I have been following this site for over 2 months. I have been the care giver to my husband John who celebrates 30 years as a survivor this month.
I don't know how to stage him but he had a partial glossectomy of 25% of the right base of his tongue and a right radical neck dissection August 1979, The tumor was the size of a walnut, was poorly differentiated squamous cell carcinoma with involvement of the 2nd 3rd and 4th cervical chains. This was followed by 6 weeks of radiation.
We have had many ups and downs over these 30 years. He had two right thoracotomies done (1987 and 1996) Thankfully both lesions were benign. There was a two week period of severe hemoptysis with clots in 1999. He had bronchoscopies done at the cancer care center and at our local hospital as well as a pulmonary arteriogram but again thank God no reoccurrence.
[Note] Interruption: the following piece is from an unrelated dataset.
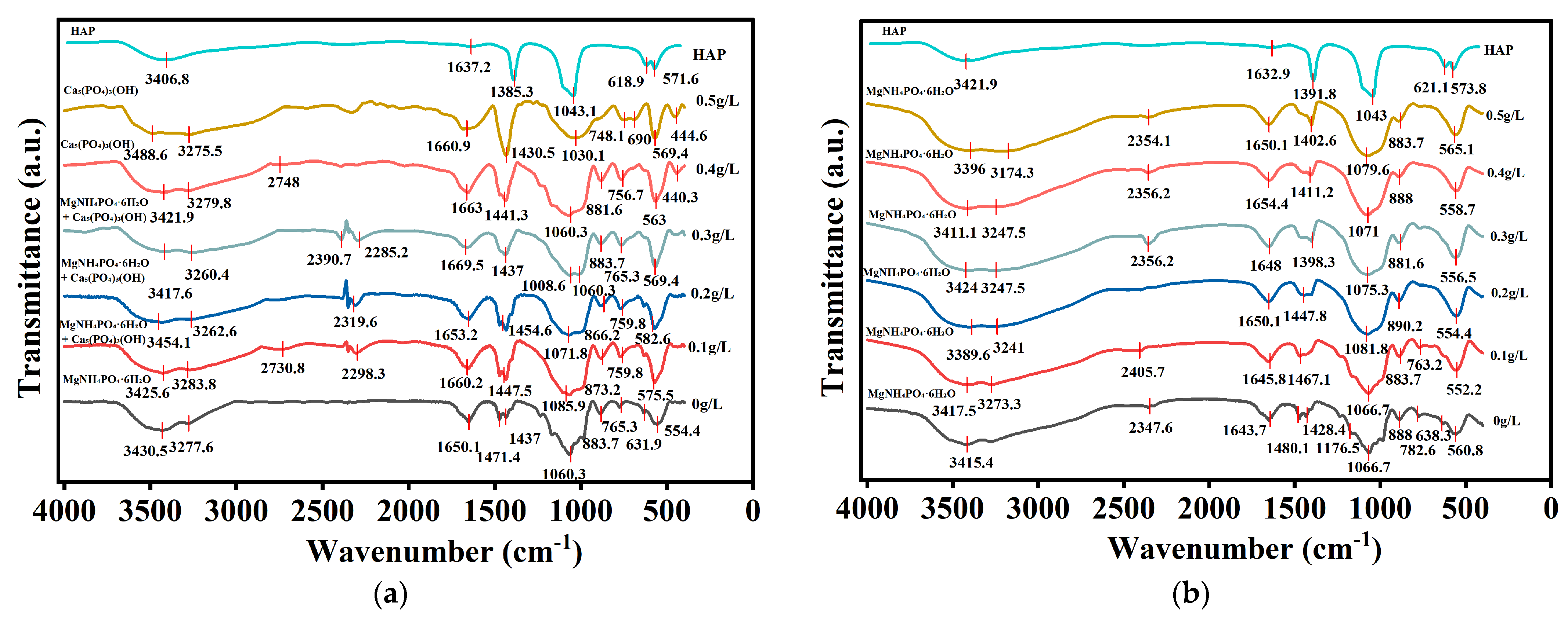 3.2.1. FTIR Spectra of Struvite Precipitates Under Ca2+ and Fe2+ Interference

He was diagnosed with hypothyroidism in 2003. Has had mutltiple basal cell lesions removed from his face and under the right clavicle. He never had a PEG and only had the trach post op for his original surgery until now. He has been healthy and leading a wonderful productive life until Feb 2008 when he was admitted to the hospital due to aspiration pneumonia. He recovered and returned to work and our life was good again until Dec 2008. He has had 3 more admissions for aspiration pneumonia. PEG feedings were started in December. He had to have a Left lower lobectomy in Feb due to empyema and a bronchopulmonary fistula. He was on a respirator for a week during his third hospital stay in March and a Trach was done in April for pulmonary toileting. He spent 3 weeks in a rehab and has now been home since May 5. He is doing great since he has been home. He has gained 22 pounds back and is only 6 pounds away from his normal weight. He is off the oxygen and no longer needs to be suctioned. We are able to walk 3/4 the way around the block (about 3500 feet) and his O2 sat is around 94 when he is done. He is also using a stationary bike for 30 minutes a day. A speech therapist sees him twice a week.
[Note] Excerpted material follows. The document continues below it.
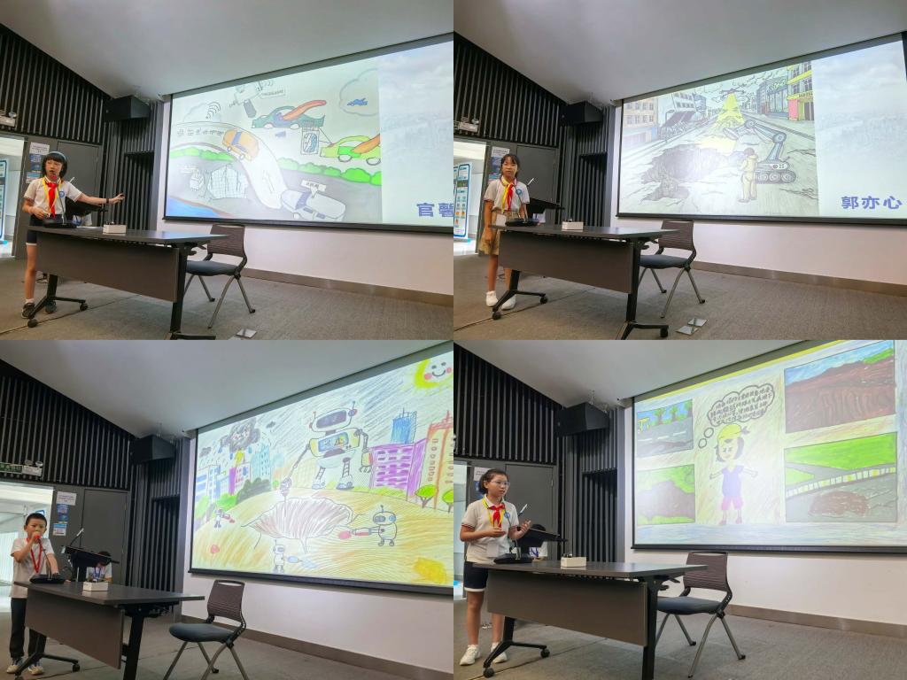 在作品展示与交流环节,小朋友们纷纷展示了精心创作的绘画作品,并通过简短的汇报,将自己对地面塌陷灾害及其防控治理的理解融入富有创意的表达中。尤其是在科技与人工智能治理灾害方面,孩子们的构想充满奇思妙想与趣味性,从智能防治到AI预警系统,一幅幅作品不仅展现了他们独特的创造力,也传递出对防灾减灾的深刻思考。评委老师们对作品逐一点评,肯定了孩子们的创意与思考,现场掌声不断。这些童趣盎然、巧思满满的作品赢得了家长们的一致好评。

He was well enought to get MSK cancer center in NY 2 weeks ago for an evaluation to see if any thing can be done for the swallowing difficulty. His original surgeon is still there (he is the department chair) but he referred us to someone else. They are going to do another GI evaluation and he will be seen by their speech therapist for another swallowing eval. The doctor said for now the only thing that he believes he can offer John would be a laryngectomy with a permanent trach (pending the GI and swallowing evaluation), John will have to decide which is more important to him speaking or eating. During his appointment they changed his trach, put in a smaller size without a cuff and gave him a Possamur valve which he is using all the time so his speech is back to normal. He remains NPO and on the PEG feedings.
His biggest difficulty is the inability to sleep.
He does not really get to sleep until around 3 or 4am and then sleeps in cat naps until around 11.
Sorry this was so long but I wanted everyone to know that there are LONG term survivors out there. They probably are busy emjoying their lives so you don't hear about them.